Learn more about available speech to text components

Wake word detector

The user has to activate your voice assistant before speaking with it. It could be a tap on the microphone button or any other way to wake the assistant.

One of the most popular way is to wake an assistant with special wake word like "Okay Google". In this case the voice assistant listens for this word or phrase continuously in the background and once the user speaks it - the voice assistant starts to listen the voice command.

|| Please note that it's not mandatory to use wake word detector in your voice assistant

Learn more about available voice trigger components

Aimybox instance

To start using voice features in your app you have to instantiate Aimybox service. For example, if you use Android speechkit it could look like this

val unitId = UUID.randomUUID().toString()
val textToSpeech = GooglePlatformTextToSpeech(context)
val speechToText = GooglePlatformSpeechToText(context)
val dialogApi = AimyboxDialogApi("your Aimybox project API key", unitId)
val aimybox = Aimybox(Config.create(speechToText, textToSpeech, dialogApi))

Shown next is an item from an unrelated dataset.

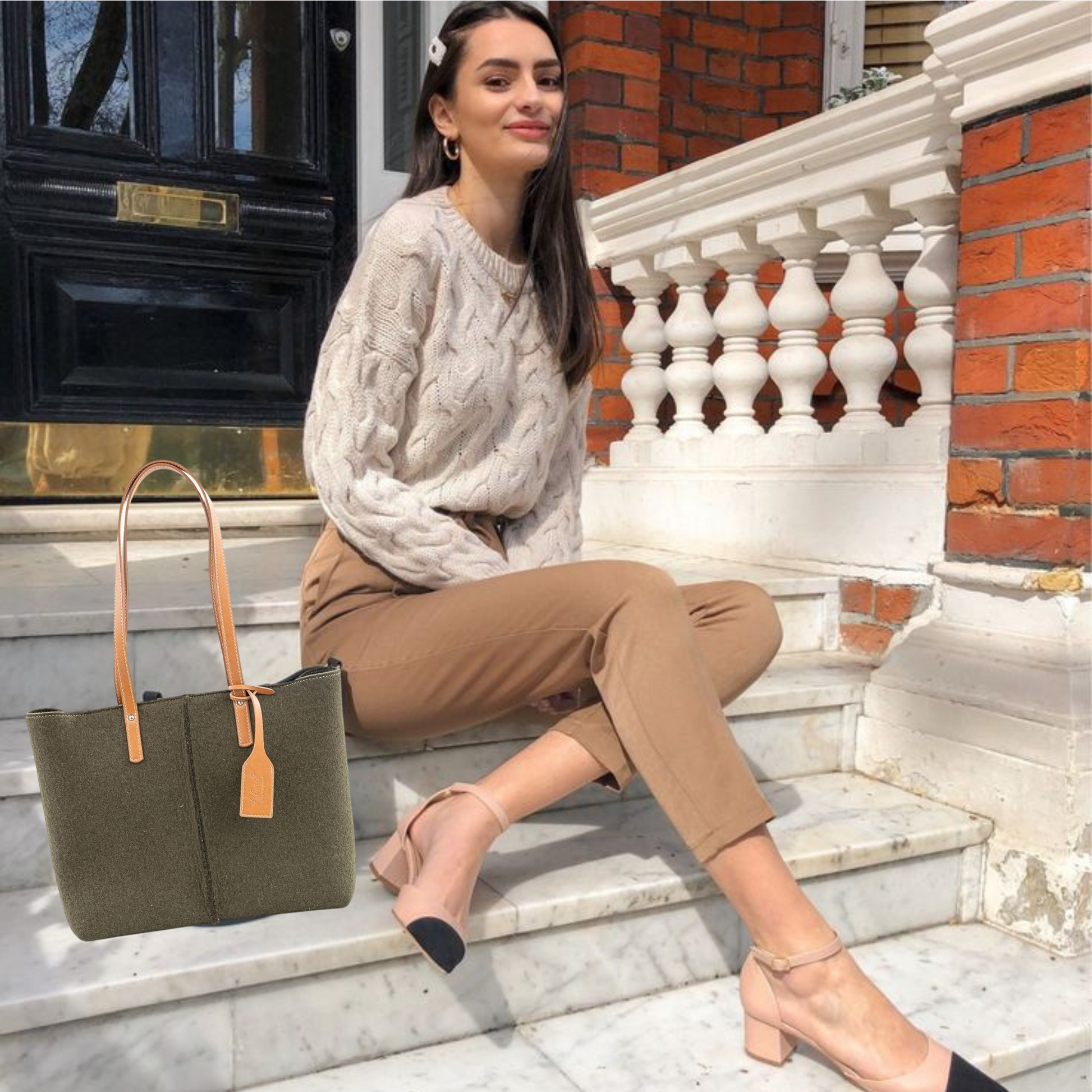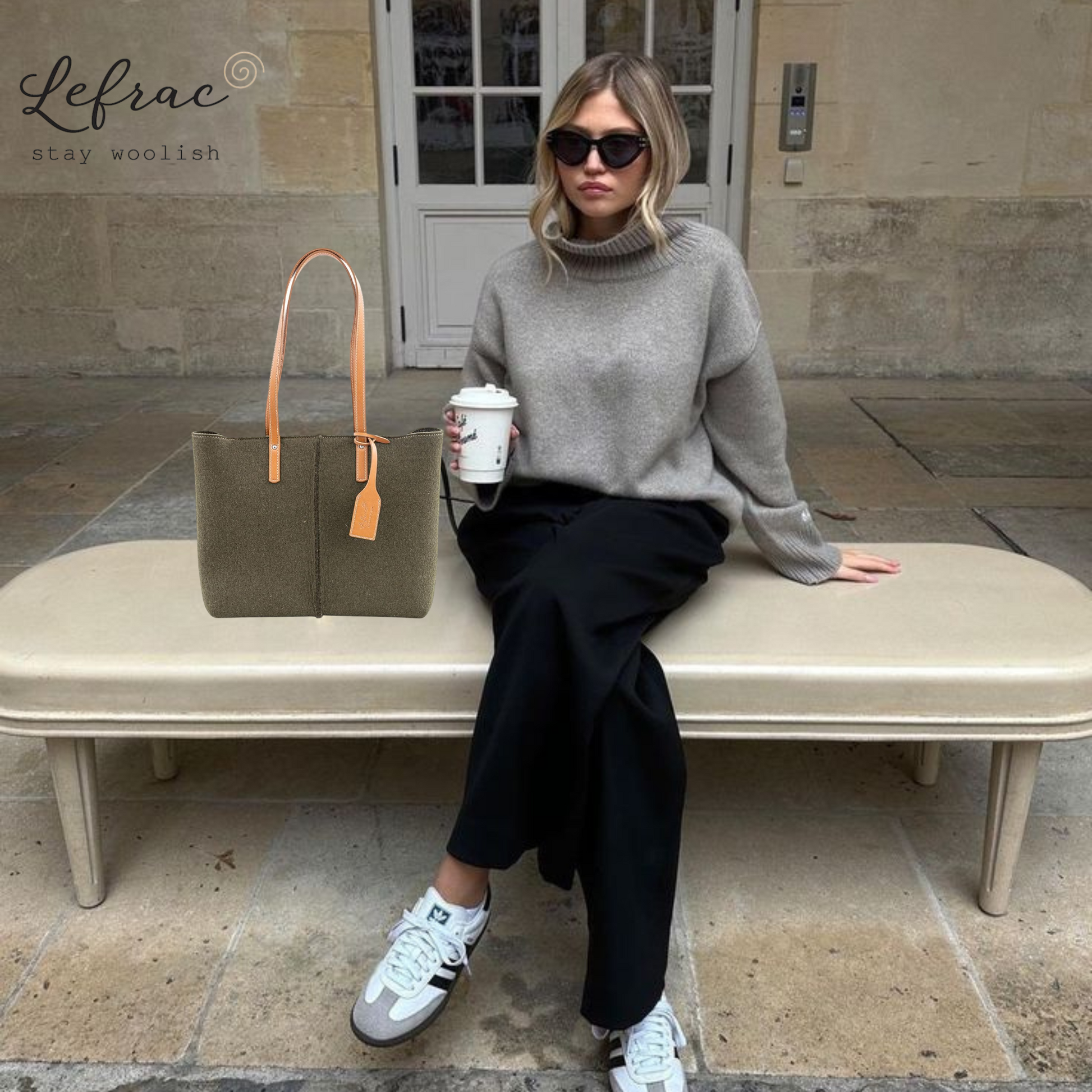 Made of high quality Merino wool felt (lighter, sturdier and more sustainable than leather) and with vegan leather made from organic material, our tote, thanks to the two internal magnetic buttons and a large opening, makes it easy to get things in and out on the go and to keep the most precious objects safe thanks to two large internal pockets.

Further you can use aimybox in your application logic starting the speech recognition process through startRecognition() method.

But before you have to obtain a project API key to make your assistant understand the user.

|| This step is mandatory only if you user Aimybox's NLU/NLP service to drive your voice assistant

Project API key

Go to Aimybox console and create a new project. Here you can add one or more voice skills to your assistant. Then click on Train project button and copy API key from the project settings screen.

The user can speak with some phrases that correspond to any enabled voice skills in your Aimybox console. The voice assistant sends the recognised user's speech to the Aimybox server and receives the result. If some meaningful intent was recognised, an assistant synthesises the result back to the user.

Voice skills

There is a collection of ready to use voice skills in Aimybox console and you can easily create your own voice skills for your assistant. Just click on Create custom skill button.

| Voice skills can perform some actions right on the device from where the user sent a voice command. To do this you have to add one or more CustomSkill implementations. Learn more about custom skills

Unit ID

The unitId variable contains a unique identifier of the device from where the user uses the voice assistant. This value should be generated by your own (in the example above it was generated randomly with UUID utility).

|| It's important to have unique ID bound to the device because any dialog API manages the user's session based on some unique identifier. Otherwise different sessions may mix with each other at runtime.

Dialog API

The NLU/NLP service recognises the user's intent, performs some actions and returns the result back to the voice assistant. Such a service could be online (works in the clouds) or offline (works right on the device).

Aimybox enables developers to connect their voice assistant to any NLU/NLP service, not only to the Aimybox's one. Thus you have to provide DialogApi implementation during the Aimybox instantiation.

Learn more about Dialog API

More options and configuration update

Aimybox has to have a configuration that contains all it needs to work properly (like speech to text, text to speech and other features).

You can re-configure Aimybox instance on the fly through updateConfiguration(config: Config) method.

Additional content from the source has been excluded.